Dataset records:

===

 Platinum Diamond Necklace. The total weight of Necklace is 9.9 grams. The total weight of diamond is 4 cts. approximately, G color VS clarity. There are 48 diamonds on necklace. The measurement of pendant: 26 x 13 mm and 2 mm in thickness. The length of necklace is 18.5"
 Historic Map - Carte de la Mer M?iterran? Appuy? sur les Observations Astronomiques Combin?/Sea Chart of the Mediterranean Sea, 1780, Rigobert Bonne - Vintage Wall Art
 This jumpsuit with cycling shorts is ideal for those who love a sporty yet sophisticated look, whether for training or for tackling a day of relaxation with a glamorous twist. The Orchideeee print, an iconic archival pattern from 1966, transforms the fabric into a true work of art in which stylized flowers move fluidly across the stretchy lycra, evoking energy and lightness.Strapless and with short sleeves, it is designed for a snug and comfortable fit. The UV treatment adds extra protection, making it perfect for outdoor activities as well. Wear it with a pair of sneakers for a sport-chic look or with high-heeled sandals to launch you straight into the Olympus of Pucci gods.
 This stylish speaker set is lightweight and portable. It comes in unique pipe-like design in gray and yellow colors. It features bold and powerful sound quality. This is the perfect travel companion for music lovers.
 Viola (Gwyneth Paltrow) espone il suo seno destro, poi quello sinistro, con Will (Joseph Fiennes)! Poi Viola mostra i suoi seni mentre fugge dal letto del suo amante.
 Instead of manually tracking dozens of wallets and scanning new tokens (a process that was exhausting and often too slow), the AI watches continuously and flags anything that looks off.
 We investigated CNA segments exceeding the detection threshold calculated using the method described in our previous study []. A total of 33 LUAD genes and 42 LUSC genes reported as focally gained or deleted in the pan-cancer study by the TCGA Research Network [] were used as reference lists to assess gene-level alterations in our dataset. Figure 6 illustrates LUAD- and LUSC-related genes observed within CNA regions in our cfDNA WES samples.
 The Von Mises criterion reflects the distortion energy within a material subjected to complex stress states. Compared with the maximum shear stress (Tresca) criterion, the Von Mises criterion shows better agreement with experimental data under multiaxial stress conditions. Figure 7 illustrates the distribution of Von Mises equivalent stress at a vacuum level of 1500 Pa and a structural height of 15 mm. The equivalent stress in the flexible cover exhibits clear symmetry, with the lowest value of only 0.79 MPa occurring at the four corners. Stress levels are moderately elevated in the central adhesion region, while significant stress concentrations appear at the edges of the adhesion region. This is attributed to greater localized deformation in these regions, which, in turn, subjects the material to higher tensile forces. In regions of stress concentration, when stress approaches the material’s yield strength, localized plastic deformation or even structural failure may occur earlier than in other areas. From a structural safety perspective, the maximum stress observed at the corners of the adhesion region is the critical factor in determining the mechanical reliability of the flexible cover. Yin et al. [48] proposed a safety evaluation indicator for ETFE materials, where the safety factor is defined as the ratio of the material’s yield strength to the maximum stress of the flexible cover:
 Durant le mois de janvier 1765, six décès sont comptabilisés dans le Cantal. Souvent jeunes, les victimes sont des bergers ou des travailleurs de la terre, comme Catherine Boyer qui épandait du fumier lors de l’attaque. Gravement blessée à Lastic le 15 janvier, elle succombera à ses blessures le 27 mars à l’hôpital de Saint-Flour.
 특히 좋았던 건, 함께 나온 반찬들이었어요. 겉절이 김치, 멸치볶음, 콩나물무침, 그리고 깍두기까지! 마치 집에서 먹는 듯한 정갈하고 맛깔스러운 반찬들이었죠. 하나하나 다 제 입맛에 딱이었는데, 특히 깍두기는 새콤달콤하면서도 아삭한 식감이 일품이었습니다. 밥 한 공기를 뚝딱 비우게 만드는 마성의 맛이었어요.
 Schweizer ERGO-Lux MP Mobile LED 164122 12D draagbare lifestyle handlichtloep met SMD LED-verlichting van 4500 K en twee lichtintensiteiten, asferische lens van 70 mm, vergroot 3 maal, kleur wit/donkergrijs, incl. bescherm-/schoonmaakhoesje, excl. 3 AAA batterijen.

===

ACTIVITY
Find all lines holding the word "total" in the records above and copy them.

SOLUTION TO THIS EXERCISE
 Platinum Diamond Necklace. The total weight of Necklace is 9.9 grams. The total weight of diamond is 4 cts. approximately, G color VS clarity. There are 48 diamonds on necklace. The measurement of pendant: 26 x 13 mm and 2 mm in thickness. The length of necklace is 18.5"
 We investigated CNA segments exceeding the detection threshold calculated using the method described in our previous study []. A total of 33 LUAD genes and 42 LUSC genes reported as focally gained or deleted in the pan-cancer study by the TCGA Research Network [] were used as reference lists to assess gene-level alterations in our dataset. Figure 6 illustrates LUAD- and LUSC-related genes observed within CNA regions in our cfDNA WES samples.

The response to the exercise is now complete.